• **Directions**: Once the pictures are removed, output the remaining entries exactly as given.

━━━━━ Data supplied

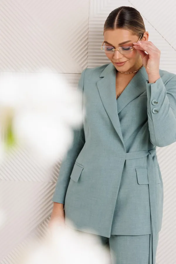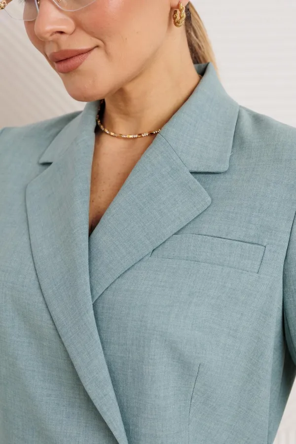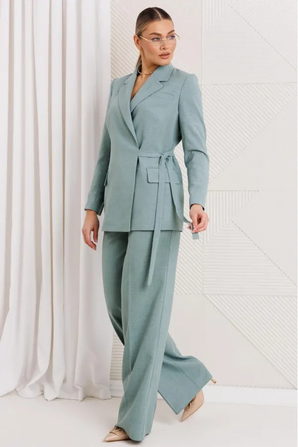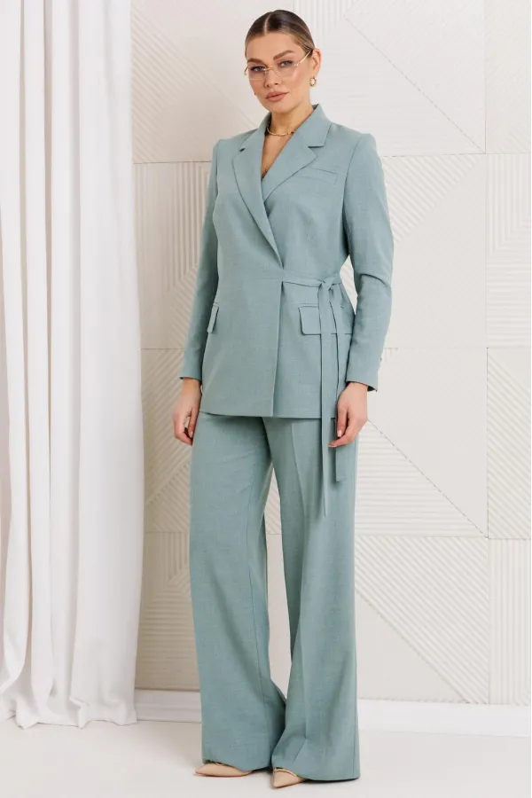 Женский трендовый костюм, состоящий из жакета и брюк. Жакет полуприлегающего силуэта, удлиненный, со смещенной бортовой застежкой на завязку и потайную пуговицу. По переду талиевые вытачки, выходящие от горизонтальных подрезов, в которых обработаны карманы в рамку с клапанами. На груди обработана листочка, имитирующая нагрудной карман. Спинка со средним швом и талиевыми вытачками. Рукав втачной, двухшовный, со шлицей. На шлицах по две декоративных пуговиц. Воротник пиджачного типа. Жакет на подкладке. Брюки на притачном поясе с резинкой, прямые, со складкой по талии и с заутюженными кантами. По бокам обработаны карманы. Брюки с завышенной талией, свободной формы, выгодно подчеркивают изящность ног и придают fashion-нотку образу. Удобная в носке ткань, хорошая посадка по фигуре, универсальность и лаконичность модели не оставят равнодушной ни одну женщину.
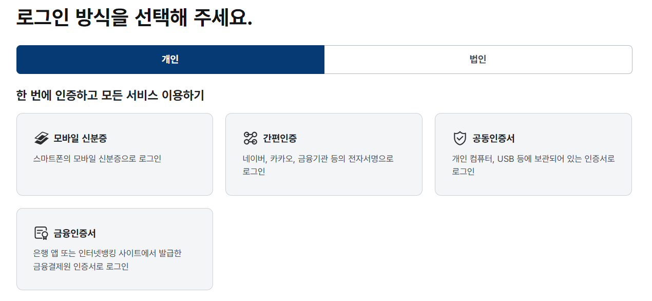 | 필요 서류 | 공동인증서(간편 인증서 포함) | 신분증 |
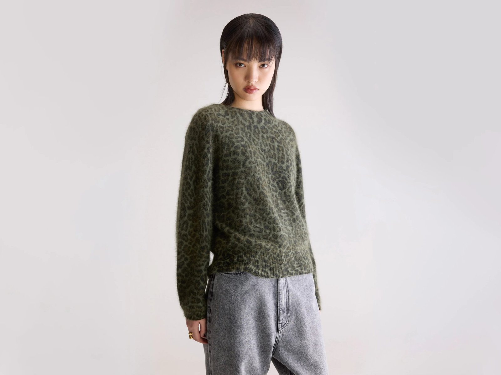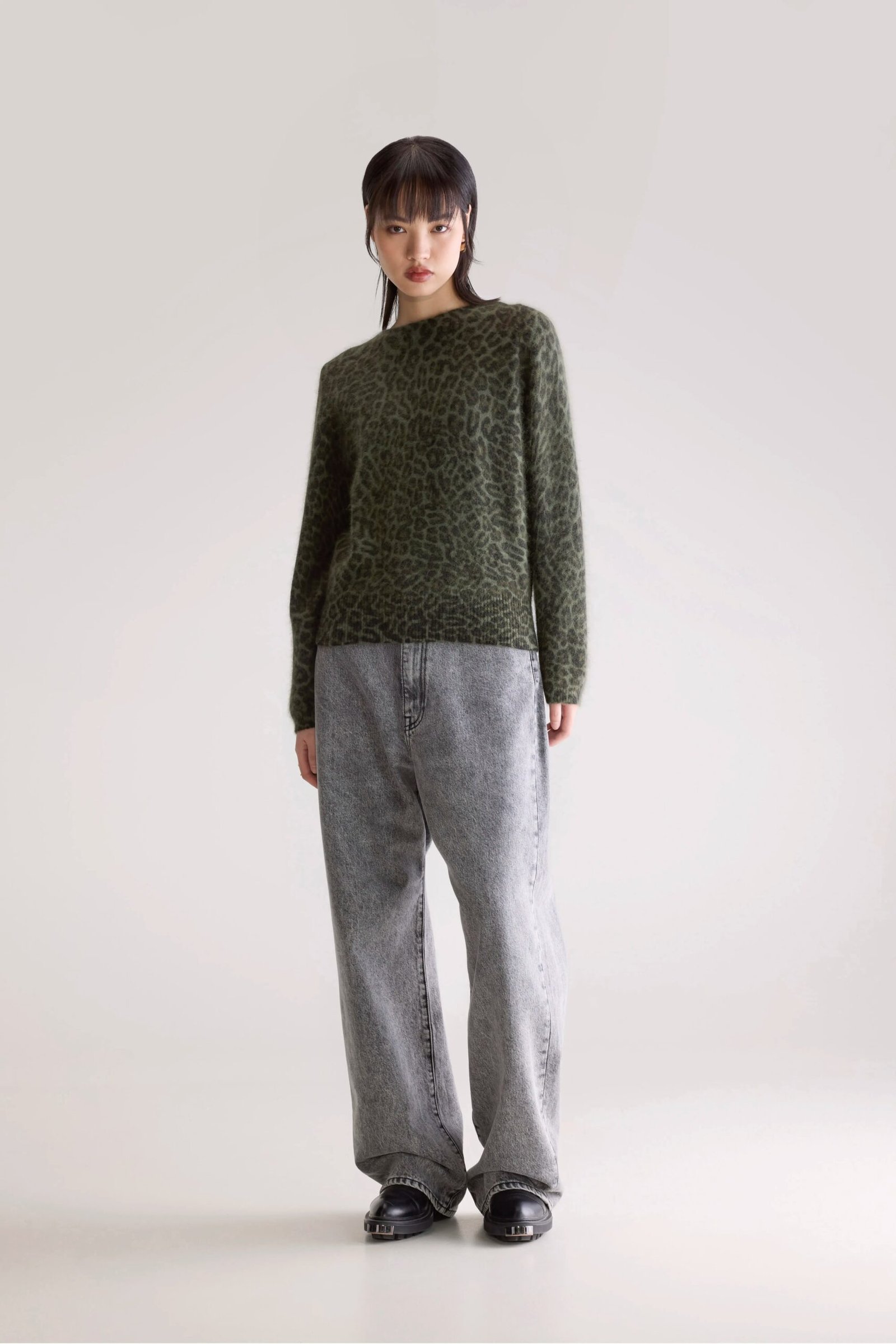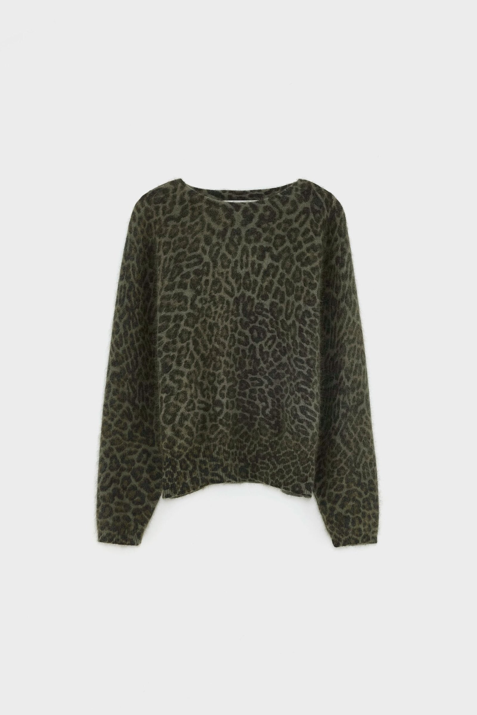 Oversized leopard print sweater in a soft green angora blend.
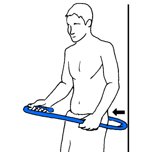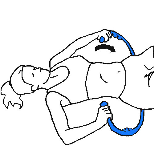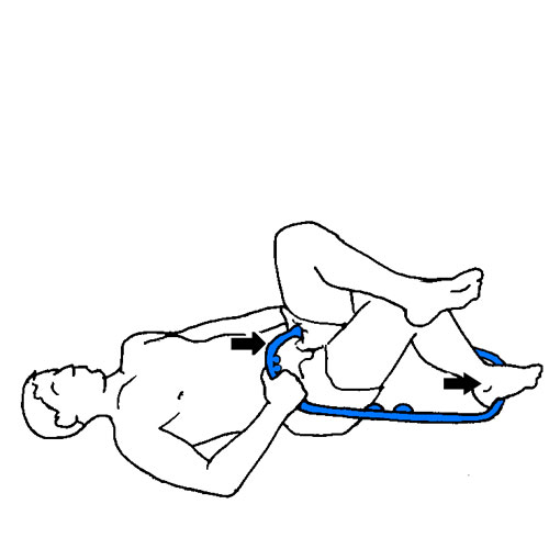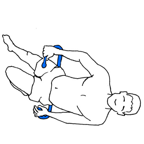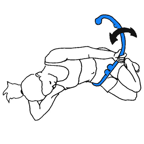 If your hips are narrow, you may be able to lie on your side with the Myotool hooked around you. Rock the bi-knobs or tri-knobs under the outer side of your buttocks.
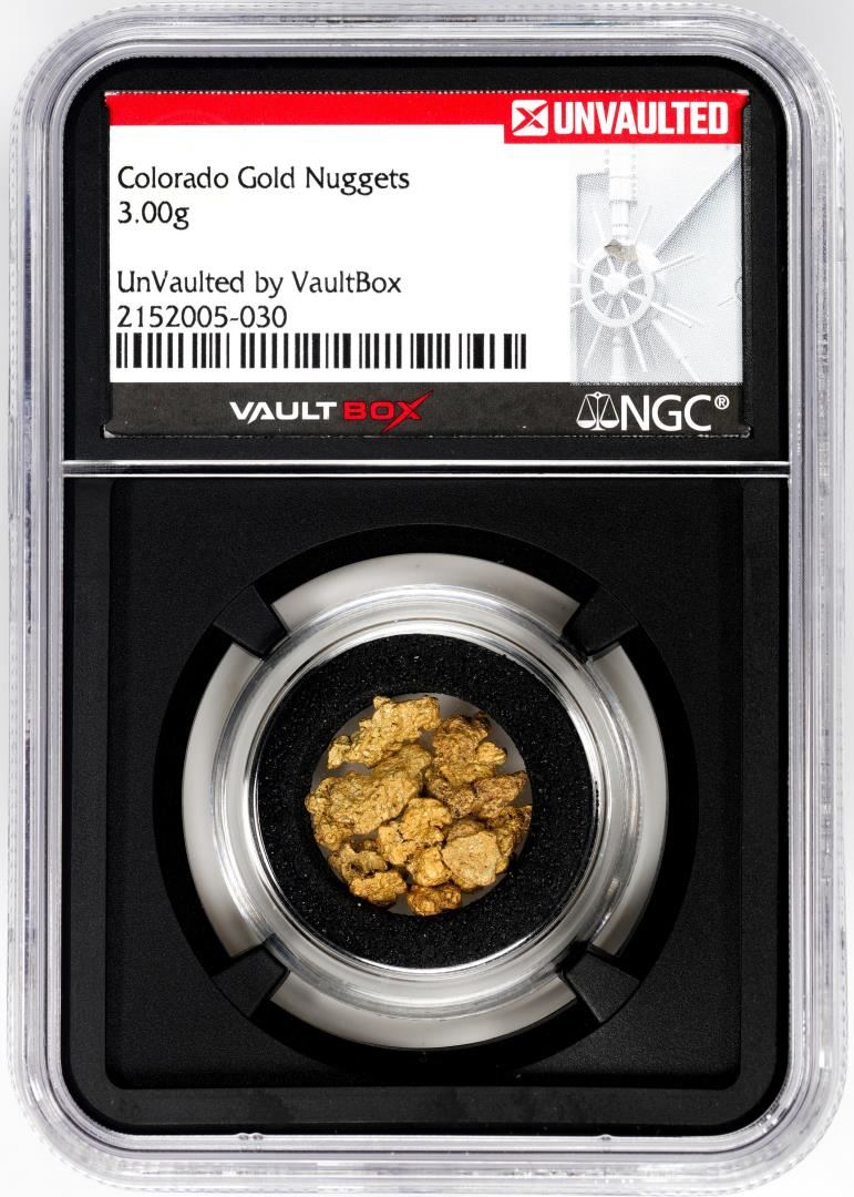 One Lot of Colorado Gold Nuggets 3.00 Grams Total Weight NGC Vaultbox Unvaulted. NGC Certified.

━━━━━━━━━━

• **Written reply**:
 Женский трендовый костюм, состоящий из жакета и брюк. Жакет полуприлегающего силуэта, удлиненный, со смещенной бортовой застежкой на завязку и потайную пуговицу. По переду талиевые вытачки, выходящие от горизонтальных подрезов, в которых обработаны карманы в рамку с клапанами. На груди обработана листочка, имитирующая нагрудной карман. Спинка со средним швом и талиевыми вытачками. Рукав втачной, двухшовный, со шлицей. На шлицах по две декоративных пуговиц. Воротник пиджачного типа. Жакет на подкладке. Брюки на притачном поясе с резинкой, прямые, со складкой по талии и с заутюженными кантами. По бокам обработаны карманы. Брюки с завышенной талией, свободной формы, выгодно подчеркивают изящность ног и придают fashion-нотку образу. Удобная в носке ткань, хорошая посадка по фигуре, универсальность и лаконичность модели не оставят равнодушной ни одну женщину.
 | 필요 서류 | 공동인증서(간편 인증서 포함) | 신분증 |
 Oversized leopard print sweater in a soft green angora blend.
 If your hips are narrow, you may be able to lie on your side with the Myotool hooked around you. Rock the bi-knobs or tri-knobs under the outer side of your buttocks.
 One Lot of Colorado Gold Nuggets 3.00 Grams Total Weight NGC Vaultbox Unvaulted. NGC Certified.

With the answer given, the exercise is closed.